One Saturday morning (never a good time to be flying in The Delta), a bunch of us from different companies were sent to Xaxanxa to pick up a large group of tourists. Al the 206's arrived some minutes early for the pick-up. Milling around, smoking cigarettes we watched the last one land. Out climbed one of our mates (looking a tad pale). He looked in our direction, but then turned and walked off to the bush on the other side of the runway where he bent over a fallen log and promptly regurgitated his breakfast, wiped his mouth with the back of his hand and started walking back towards where the rest of us were standing. He noticed that WE were now looking rather pale. He asked what the problem was and someone pointed behind him; where he had just left his breakfast between three lions lying on the other side of the log.

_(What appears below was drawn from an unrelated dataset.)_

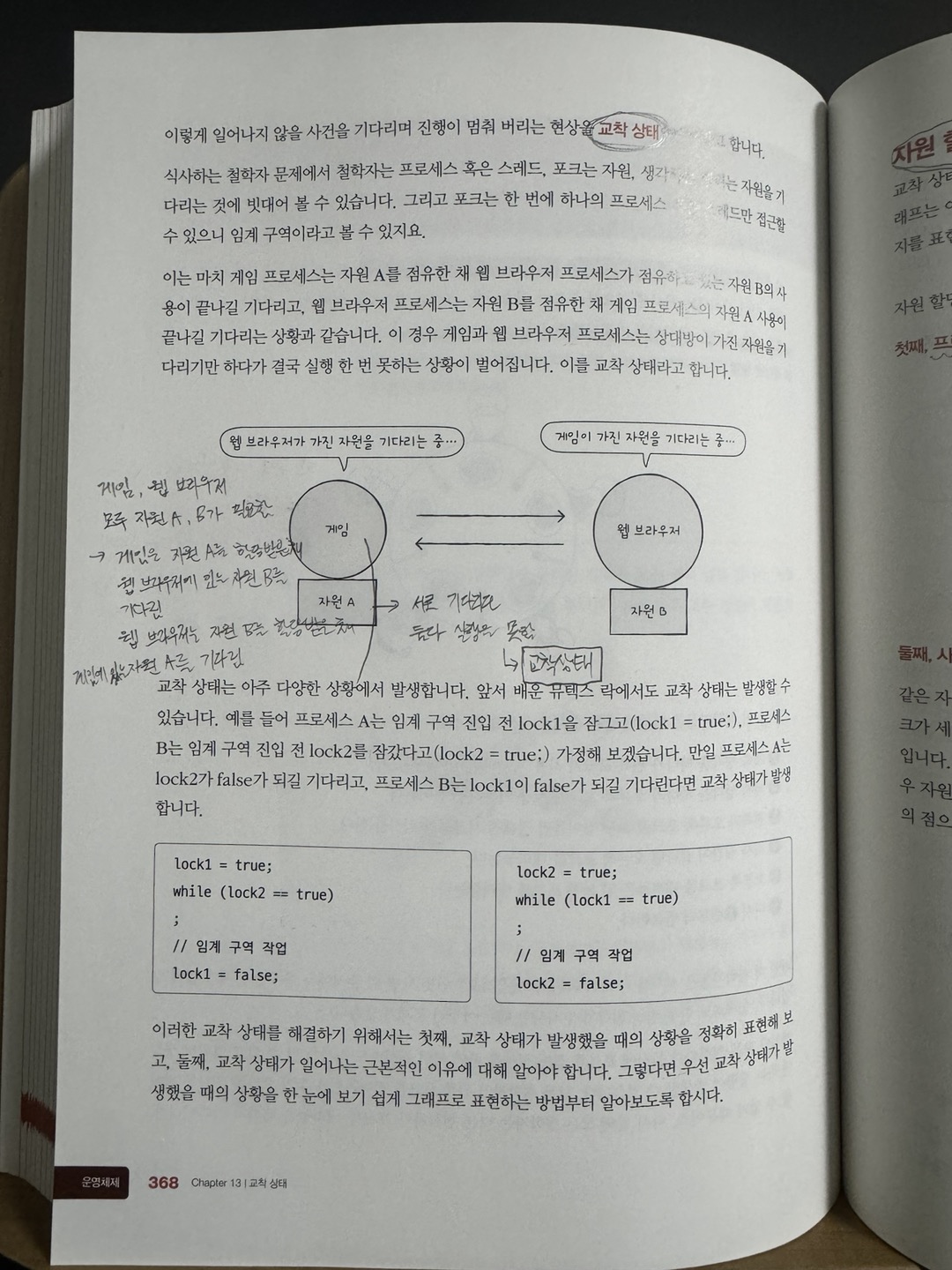 - 교착 상태 : 일어나지 않을 사건을 기다리며 무한히 대기하는 현상
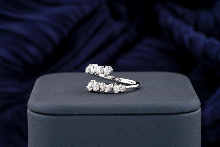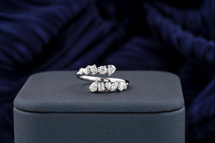1.3CT Multi Stone Cut Open CVD EF/VVS Diamond Wedding Band For Her

They clearly thought the meat was off...:}

GULF69 5th Oct 2009 13:13

@superserong,

that's hilarious!!

69

broadsword1 8th Oct 2009 06:36

When Cleared inbound on a radial for the VOR approach, on a VOR that has not worked for 3 years, and call at 5 DME.:ok:

non iron 8th Oct 2009 20:38

Just laughed my socks off guys :)

thankyou

VorlocGreen 21st Oct 2009 21:14

You know your in Africa when........
  • The marshaller clears you to start No1, amazingly he didn't notice the stairs are still in place.:ugh:
  • The load sheet guy tells you its ok, he is going to increase the fuel burn when you are 2T over MLW.:=
  • ATC wont clear you to land until runway insight, gave up trying to explain we are shooting ILS with cloud base at mins.:eek:

nyathi 22nd Oct 2009 10:06

Cleared for Take Off, keep the sequence you are number three (the other two a/c is still on the runway and about to rotate) :confused:

Or cleared to land after, be carefull you are number three or four. :mad:

Once had four aircraft on the runway at the same time, either launching or landing! :eek:

EladElap 22nd Oct 2009 13:17

Flying into an uncontrolled strip VFR where the company policy is not to commence visual approach if the Viz is less than 5000m...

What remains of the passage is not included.